Your output must be the lines below from the line containing "Tissot Watch PR100" to the line containing "The original bassinet", both lines included, reproduced exactly and without pictures.

## PROVIDED RECORDS
════════
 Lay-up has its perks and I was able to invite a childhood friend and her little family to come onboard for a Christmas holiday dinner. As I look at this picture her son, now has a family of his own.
════════
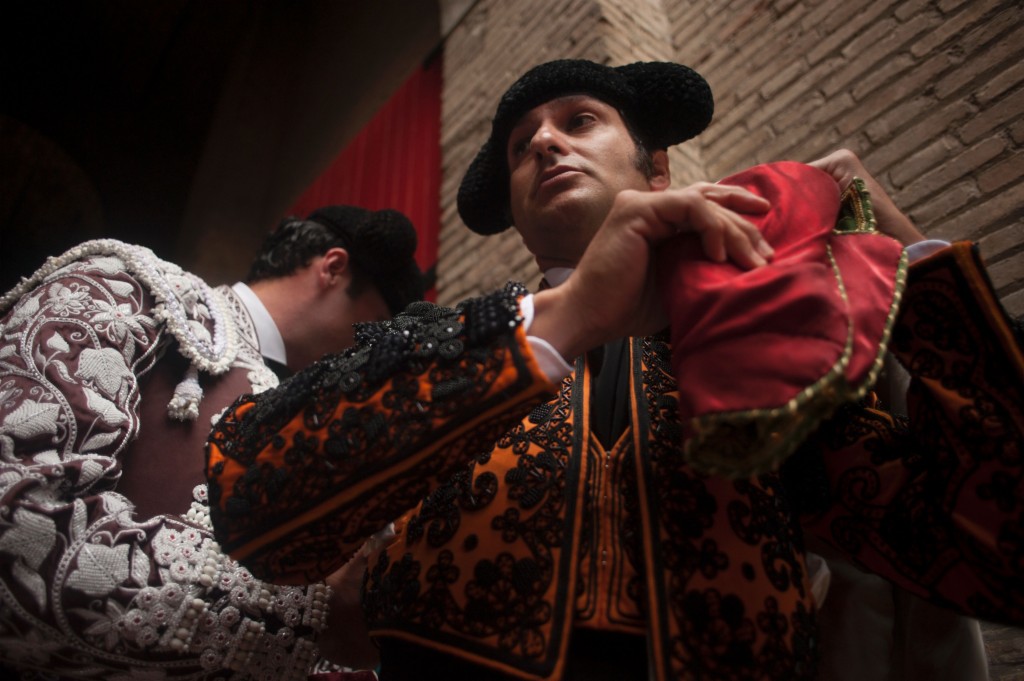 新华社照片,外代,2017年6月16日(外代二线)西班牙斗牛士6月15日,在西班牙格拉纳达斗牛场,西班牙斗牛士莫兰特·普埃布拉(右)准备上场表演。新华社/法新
════════
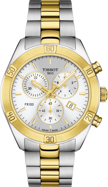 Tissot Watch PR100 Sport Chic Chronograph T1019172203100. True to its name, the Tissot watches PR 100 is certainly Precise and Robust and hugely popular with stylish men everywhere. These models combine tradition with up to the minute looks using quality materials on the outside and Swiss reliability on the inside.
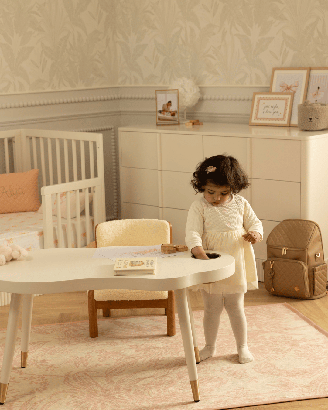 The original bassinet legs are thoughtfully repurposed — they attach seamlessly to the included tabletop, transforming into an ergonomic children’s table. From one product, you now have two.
════════
## YOUR RESPONSE
 Tissot Watch PR100 Sport Chic Chronograph T1019172203100. True to its name, the Tissot watches PR 100 is certainly Precise and Robust and hugely popular with stylish men everywhere. These models combine tradition with up to the minute looks using quality materials on the outside and Swiss reliability on the inside.
 The original bassinet legs are thoughtfully repurposed — they attach seamlessly to the included tabletop, transforming into an ergonomic children’s table. From one product, you now have two.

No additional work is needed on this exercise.